Der italienische Notar bat sie in sein Büro, bedeutete ihr, vor seinem Schreibtisch Platz zu nehmen, begutachtete die Dokumente und wählte dann wortlos eine längere Telefonnummer. Er bestätigte seinem Gesprächspartner am anderen Ende der Leitung, dass er sich persönlich von der Identität seiner Besucherin sowie ihrer Geschäftstauglichkeit habe überzeugen können. Daraufhin sah er Martha über seinen großen Schreibtisch hinweg in die Augen und hielt ihr wortlos seinen Telefonhörer hin.
»Signora Vadeva?«, erklang die ihr aus dem früheren Telefonat vertraute Stimme mit nordeuropäischem Akzent aus der Muschel.
»Si ...?«
»Hier ist Sven Anders Börgelund aus Stockholm. Ich freue mich, dass Sie sich ein Herz gefasst haben, und ich hoffe, Signore Castellani konnte Sie davon überzeugen, dass wir in ernster und seriöser Angelegenheit Ihren Kontakt suchen.«
Das war im Januar, vor zwei Monaten. Vermutlich hatte Signore Castellani, der Notar, seinen Anwaltskollegen aus Stockholm das Victoria empfohlen. Martha erinnerte sich nämlich, dass seine Kanzlei hier in der Nähe war, nur ein paar Straßen weiter, in der Via Lazio.

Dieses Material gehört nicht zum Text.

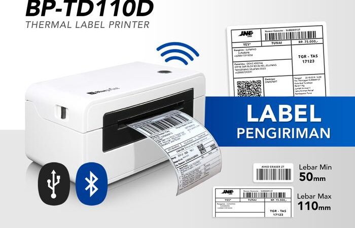 Temukan solusi cetak barcode dan label resi dengan Printer Thermal BLUEPRINT BP-TD110D. Dilengkapi koneksi USB dan Bluetooth, printer ini cocok untuk bisnis retail, logistik, atau kebutuhan cetak harian dengan kecepatan tinggi hingga 150 mm/detik.

Inzwischen war ihr richtig kalt geworden und sie zitterte. Ihre Nervosität trug sicher einen nicht unwesentlichen Teil dazu bei. Und diese Nervosität wiederum wurde gespeist aus einem nicht unbeträchtlichen Anteil Neugierde. Alberto, ihr verstorbener Mann, stammte aus einfachen Verhältnissen, ebenso wie ihre eigene Familie. Sie hatte keine Ahnung, wer ihr etwas zu vererben gehabt hätte. Der klassische Auswanderer in die neue Welt vor 200 Jahren, der es zu etwas gebracht hatte und dessen Nachkomme sich nun in seinem Testament wehmütig der einst zurückgelassenen Familie erinnert? So etwas gab es nur in Filmen und Romanen. Außerdem wusste sie nichts über irgendeinen Vorfahren, der vor, während oder nach dem großen kalifornischen Goldrausch ausgewandert war. Ihre Familiengeschichte wies nichts dergleichen auf. Und selbst wenn, was hätte eine schwedische Kanzlei damit zu tun?
Martha Vadeva gab sich einen Ruck. Sie ging langsam die Via Campania hinunter und näherte sich dem Victoria. Es wurde ihr auch einfach nur zu kalt. Sie wollte ins Warme. Im Hotel, so war es verabredet, würde Sven Anders Börgelund mit seinem Mandanten auf sie warten. Vor dem großen Eingangsportal hielt sie noch einmal kurz inne und betrat dann mit betont geradem Rückgrat das Foyer des Hotels.